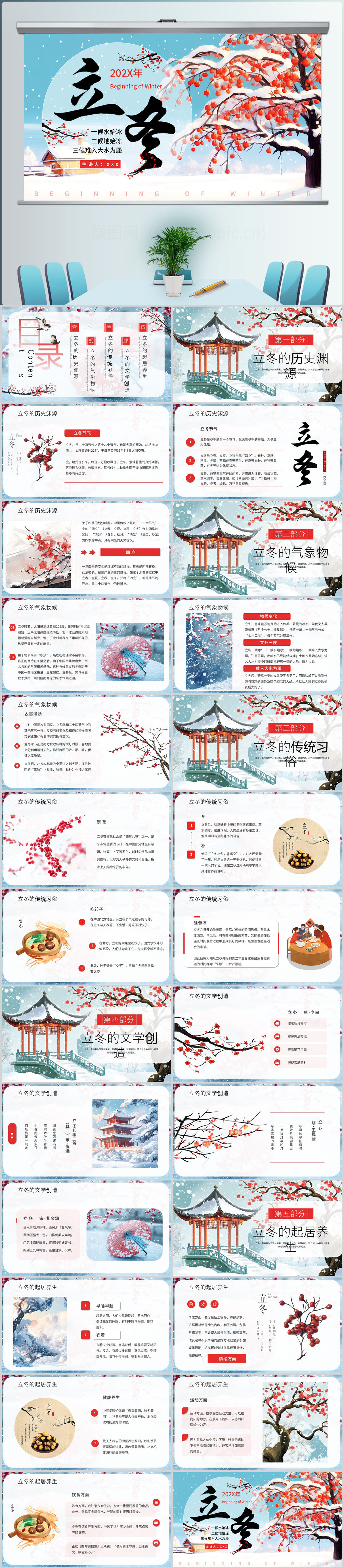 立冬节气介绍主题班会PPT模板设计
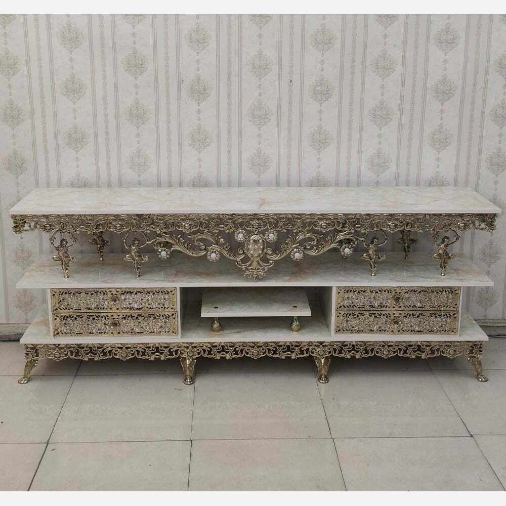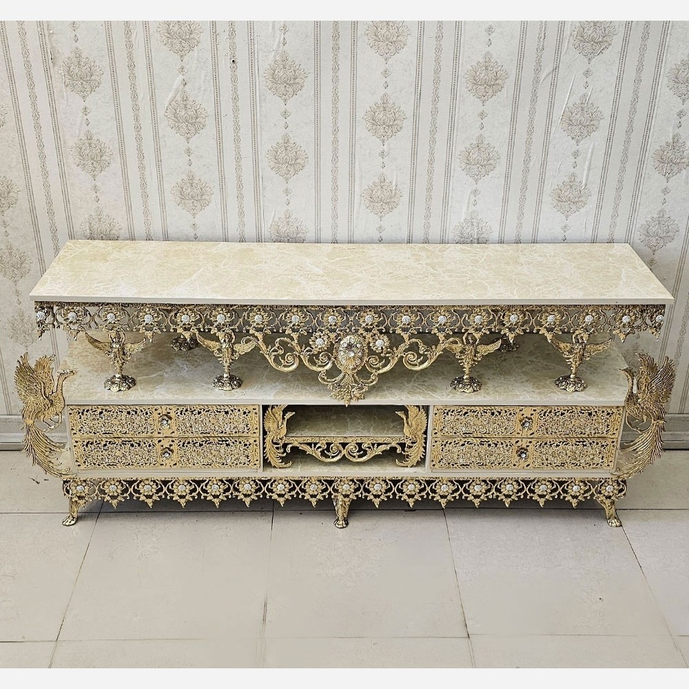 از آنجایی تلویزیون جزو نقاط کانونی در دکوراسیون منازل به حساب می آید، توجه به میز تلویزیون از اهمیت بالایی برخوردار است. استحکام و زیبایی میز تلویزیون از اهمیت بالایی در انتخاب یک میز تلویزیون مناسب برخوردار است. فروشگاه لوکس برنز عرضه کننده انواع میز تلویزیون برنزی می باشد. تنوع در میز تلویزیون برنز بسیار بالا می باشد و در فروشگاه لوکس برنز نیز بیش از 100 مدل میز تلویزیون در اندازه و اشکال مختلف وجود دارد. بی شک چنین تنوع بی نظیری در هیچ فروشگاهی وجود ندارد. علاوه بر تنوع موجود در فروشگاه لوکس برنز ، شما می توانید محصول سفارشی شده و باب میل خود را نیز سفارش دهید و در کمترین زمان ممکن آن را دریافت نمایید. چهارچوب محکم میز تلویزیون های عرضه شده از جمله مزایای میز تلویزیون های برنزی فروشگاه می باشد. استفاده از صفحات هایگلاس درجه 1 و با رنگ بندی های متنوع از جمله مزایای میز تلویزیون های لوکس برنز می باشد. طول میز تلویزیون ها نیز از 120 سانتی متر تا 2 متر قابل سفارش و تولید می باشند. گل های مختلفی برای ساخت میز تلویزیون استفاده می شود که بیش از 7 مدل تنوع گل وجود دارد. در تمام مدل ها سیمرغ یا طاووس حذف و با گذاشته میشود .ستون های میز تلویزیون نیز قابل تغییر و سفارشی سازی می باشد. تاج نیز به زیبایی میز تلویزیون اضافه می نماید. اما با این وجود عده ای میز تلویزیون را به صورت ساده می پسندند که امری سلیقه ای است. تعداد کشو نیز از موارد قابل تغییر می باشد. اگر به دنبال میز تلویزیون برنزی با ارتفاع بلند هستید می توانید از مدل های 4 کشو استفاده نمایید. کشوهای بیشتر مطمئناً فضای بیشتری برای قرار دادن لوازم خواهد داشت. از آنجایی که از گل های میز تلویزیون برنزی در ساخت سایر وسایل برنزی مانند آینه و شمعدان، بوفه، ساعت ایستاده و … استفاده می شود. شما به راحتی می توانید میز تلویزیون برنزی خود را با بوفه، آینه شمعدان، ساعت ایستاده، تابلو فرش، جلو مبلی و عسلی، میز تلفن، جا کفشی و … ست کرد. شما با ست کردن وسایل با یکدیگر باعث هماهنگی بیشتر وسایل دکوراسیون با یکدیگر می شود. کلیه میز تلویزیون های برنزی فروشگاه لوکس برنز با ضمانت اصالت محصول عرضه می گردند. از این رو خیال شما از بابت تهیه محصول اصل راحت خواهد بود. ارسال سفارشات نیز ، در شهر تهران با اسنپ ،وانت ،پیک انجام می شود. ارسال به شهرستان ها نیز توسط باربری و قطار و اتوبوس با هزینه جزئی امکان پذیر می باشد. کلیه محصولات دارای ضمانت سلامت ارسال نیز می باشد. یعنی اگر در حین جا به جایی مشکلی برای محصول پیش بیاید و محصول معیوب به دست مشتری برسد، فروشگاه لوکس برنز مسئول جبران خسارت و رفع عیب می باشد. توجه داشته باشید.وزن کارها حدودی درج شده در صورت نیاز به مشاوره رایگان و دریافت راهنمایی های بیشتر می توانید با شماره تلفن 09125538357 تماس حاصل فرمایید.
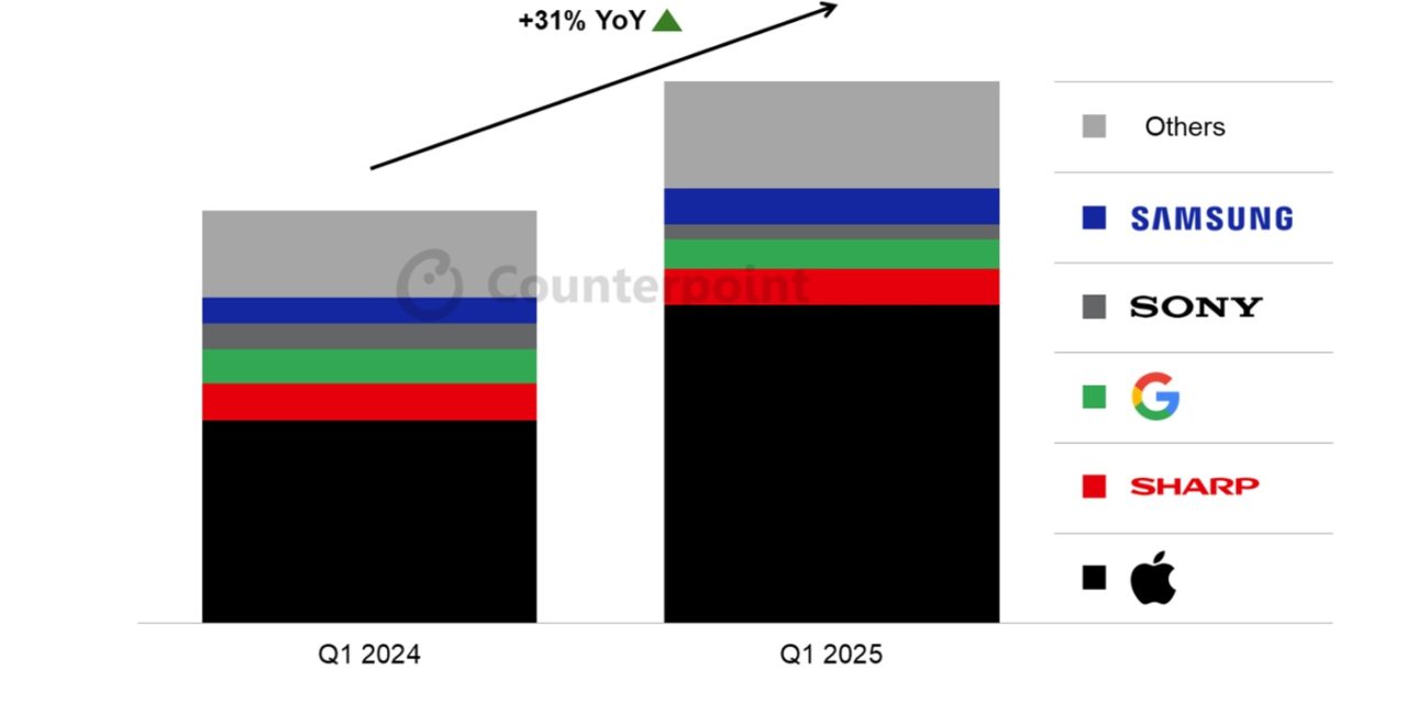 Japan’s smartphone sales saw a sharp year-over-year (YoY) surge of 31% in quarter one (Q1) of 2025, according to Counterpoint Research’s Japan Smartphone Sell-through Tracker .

================

> Required work
Without including a single picture, restate all of the data word for word.

> Solution to the exercise
 立冬节气介绍主题班会PPT模板设计
 از آنجایی تلویزیون جزو نقاط کانونی در دکوراسیون منازل به حساب می آید، توجه به میز تلویزیون از اهمیت بالایی برخوردار است. استحکام و زیبایی میز تلویزیون از اهمیت بالایی در انتخاب یک میز تلویزیون مناسب برخوردار است. فروشگاه لوکس برنز عرضه کننده انواع میز تلویزیون برنزی می باشد. تنوع در میز تلویزیون برنز بسیار بالا می باشد و در فروشگاه لوکس برنز نیز بیش از 100 مدل میز تلویزیون در اندازه و اشکال مختلف وجود دارد. بی شک چنین تنوع بی نظیری در هیچ فروشگاهی وجود ندارد. علاوه بر تنوع موجود در فروشگاه لوکس برنز ، شما می توانید محصول سفارشی شده و باب میل خود را نیز سفارش دهید و در کمترین زمان ممکن آن را دریافت نمایید. چهارچوب محکم میز تلویزیون های عرضه شده از جمله مزایای میز تلویزیون های برنزی فروشگاه می باشد. استفاده از صفحات هایگلاس درجه 1 و با رنگ بندی های متنوع از جمله مزایای میز تلویزیون های لوکس برنز می باشد. طول میز تلویزیون ها نیز از 120 سانتی متر تا 2 متر قابل سفارش و تولید می باشند. گل های مختلفی برای ساخت میز تلویزیون استفاده می شود که بیش از 7 مدل تنوع گل وجود دارد. در تمام مدل ها سیمرغ یا طاووس حذف و با گذاشته میشود .ستون های میز تلویزیون نیز قابل تغییر و سفارشی سازی می باشد. تاج نیز به زیبایی میز تلویزیون اضافه می نماید. اما با این وجود عده ای میز تلویزیون را به صورت ساده می پسندند که امری سلیقه ای است. تعداد کشو نیز از موارد قابل تغییر می باشد. اگر به دنبال میز تلویزیون برنزی با ارتفاع بلند هستید می توانید از مدل های 4 کشو استفاده نمایید. کشوهای بیشتر مطمئناً فضای بیشتری برای قرار دادن لوازم خواهد داشت. از آنجایی که از گل های میز تلویزیون برنزی در ساخت سایر وسایل برنزی مانند آینه و شمعدان، بوفه، ساعت ایستاده و … استفاده می شود. شما به راحتی می توانید میز تلویزیون برنزی خود را با بوفه، آینه شمعدان، ساعت ایستاده، تابلو فرش، جلو مبلی و عسلی، میز تلفن، جا کفشی و … ست کرد. شما با ست کردن وسایل با یکدیگر باعث هماهنگی بیشتر وسایل دکوراسیون با یکدیگر می شود. کلیه میز تلویزیون های برنزی فروشگاه لوکس برنز با ضمانت اصالت محصول عرضه می گردند. از این رو خیال شما از بابت تهیه محصول اصل راحت خواهد بود. ارسال سفارشات نیز ، در شهر تهران با اسنپ ،وانت ،پیک انجام می شود. ارسال به شهرستان ها نیز توسط باربری و قطار و اتوبوس با هزینه جزئی امکان پذیر می باشد. کلیه محصولات دارای ضمانت سلامت ارسال نیز می باشد. یعنی اگر در حین جا به جایی مشکلی برای محصول پیش بیاید و محصول معیوب به دست مشتری برسد، فروشگاه لوکس برنز مسئول جبران خسارت و رفع عیب می باشد. توجه داشته باشید.وزن کارها حدودی درج شده در صورت نیاز به مشاوره رایگان و دریافت راهنمایی های بیشتر می توانید با شماره تلفن 09125538357 تماس حاصل فرمایید.
 Japan’s smartphone sales saw a sharp year-over-year (YoY) surge of 31% in quarter one (Q1) of 2025, according to Counterpoint Research’s Japan Smartphone Sell-through Tracker .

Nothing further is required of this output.